The next morning, while she was cooking breakfast, Benita saw Jacob Meyer seated upon a rock at a little distance, sullen and disconsolate. His chin was resting on his hand, and he watched her intently, never taking his eyes from her face. She felt that he was concentrating his will upon her; that some new idea concerning her had come into his mind; for it was one of her miseries that she possessed the power of interpreting the drift of this man's thoughts. Much as she detested him, there existed that curious link between them.
It may be remembered that, on the night when they first met at the crest of Leopard's Kloof, Jacob had called her a "thought-sender," and some knowledge of their mental intimacy had come home to Benita. From that day forward her chief desire had been to shut a door between their natures, to isolate herself from him and him from her. Yet the attempt was never entirely successful.
Fear and disgust took hold of her, bending there above the fire, all the while aware of the Jew's dark eyes that searched her through and through. Benita formed a sudden determination. She would implore her father to come away with her.

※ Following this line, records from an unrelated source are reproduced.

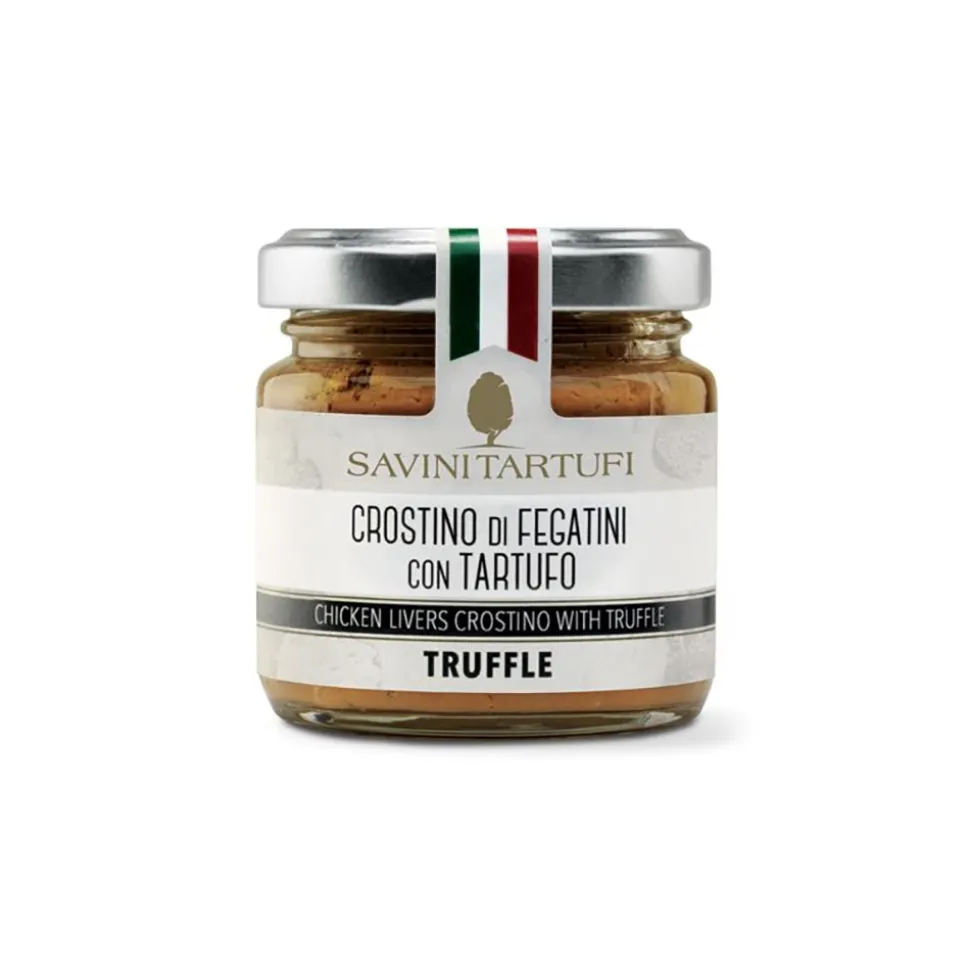 Chicken liver 62%, olive oil, skimmed milk, vegetables in variable proportions (carrots, celery, onions), cream, summer truffle (Tuber Aestivum Vitt.) 3%, shallot, wine, rice flour, salt, butter, spice, aroma, aromatic plant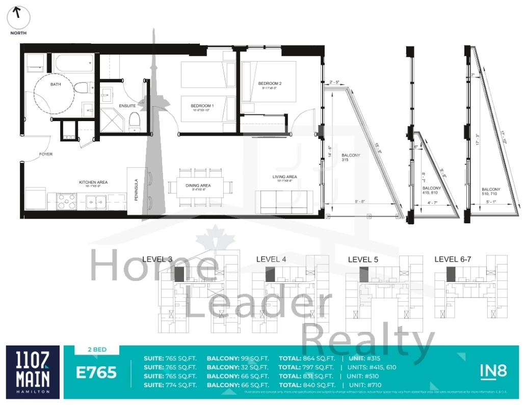 E657t 2 Bed , 2 Bath 657 SQFT North East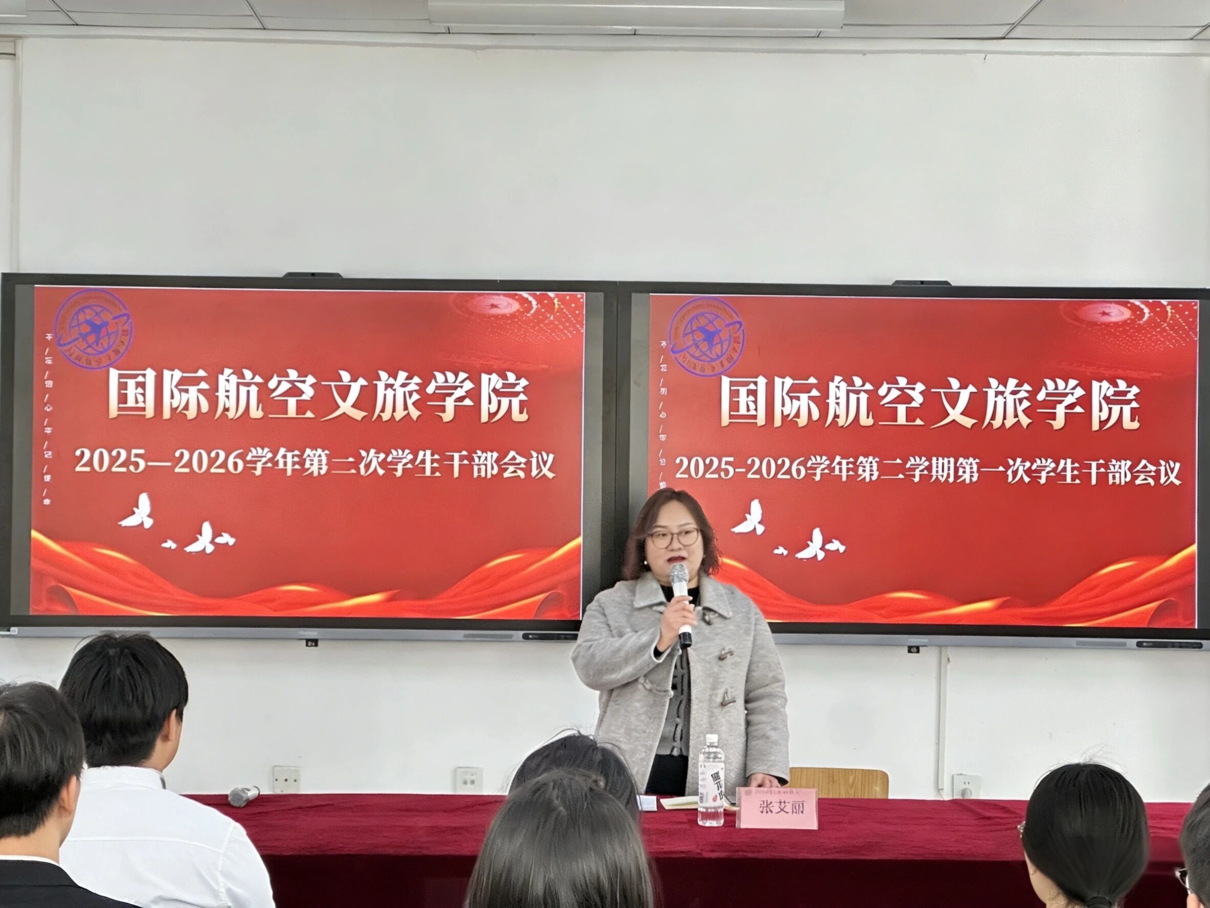 为进一步明确学生干部职责使命,强化责任担当、提升工作效能,凝聚团队奋进力量,国际航空文旅学院于7号楼102~104教室召开2025—2026学年第二学期第一次学生干部会议。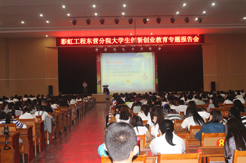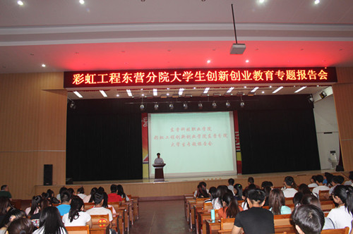 经济山东6月3日讯 “创新创业不仅仅需要热情,更需要全新的思维、艰苦的努力和脚踏实地的工作。今天就让我们以大学生创新创业新思维专题报告会,开启你人生的创业之路”。6月3号上午,彩虹工程创新创业学院东营分院首场大学生创新创业教育报告会举办。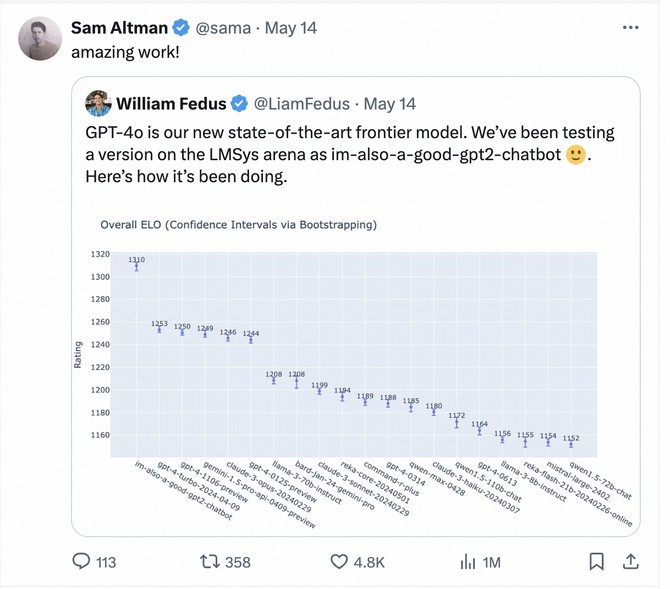 上周,一个名为“im-also-a-good-gpt2-chatbot”的神秘模型突然现身大模型竞技场Chatbot Arena,排名直接超过GPT-4-Turbo、Gemini 1 .5 Pro、Claude 3 0pus、Llama-3-70b等各家国际大厂的当家基座模型。随后OpenAI揭开“im-also-a-good-gpt2-chatbot”神秘面纱——正是GPT-4o的测试版本,OpenAI CEO Sam Altman也在Gpt-4o发布后亲自转帖引用 LMSYS arena 盲测擂台的测试结果。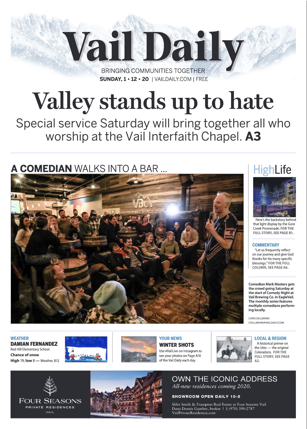 Front page of Vail Daily, 2020/01/12 (Screenshot)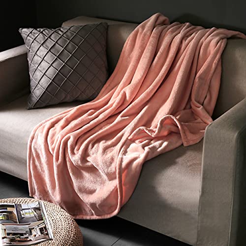 BEDELITE ソファ用フリースブランケット - 300GSM 柔らかく温かいふわふわダスティピンクブランケット、装飾用・贈り物に最適なストライプ柄ブランケット(女性・男性用)(140x200cm)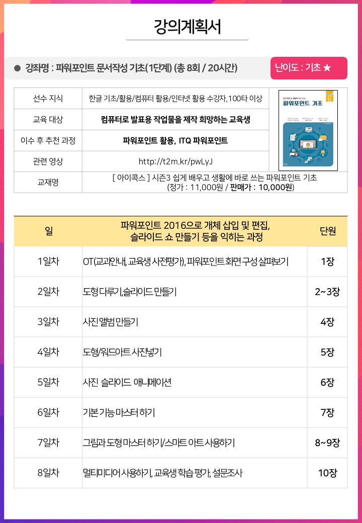 | 파워포인트 문서작성 기초(1단계) 신청자:20/20명 , 대기자:4/10명 | |||

Of course, such an attempt would be terribly dangerous. Of the Matabele nothing had been seen; but they might be about, and even if enough cattle could be collected to draw the waggon, it belonged to Meyer as much as to her father, and must therefore be left for him. Still, there remained the two horses, which the Molimo had told her were well and getting fat.
At this moment Meyer rose and began to speak to her.
"What are you thinking of, Miss Clifford?" he asked in his soft foreign voice.
She started, but answered readily enough: "Of the wood which is green, and the kid cutlets which are getting smoked. Are you not tired of kid, Mr. Meyer?" she went on.
He waved the question aside. "You are so good--oh! I mean it--so really good that you should not tell stories even about small things. The wood is not green; I cut it myself from a dead tree; and the meat is not smoked; nor were you thinking of either. You were thinking of me, as I was thinking of you; but what exactly was in your mind, this time I do not know, and that is why I ask you to tell me."
"Really, Mr. Meyer," she answered flushing; "my mind is my own property."
"Ah! do you say so? Now I hold otherwise--that it is my property, as mine is yours, a gift that Nature has given to each of us."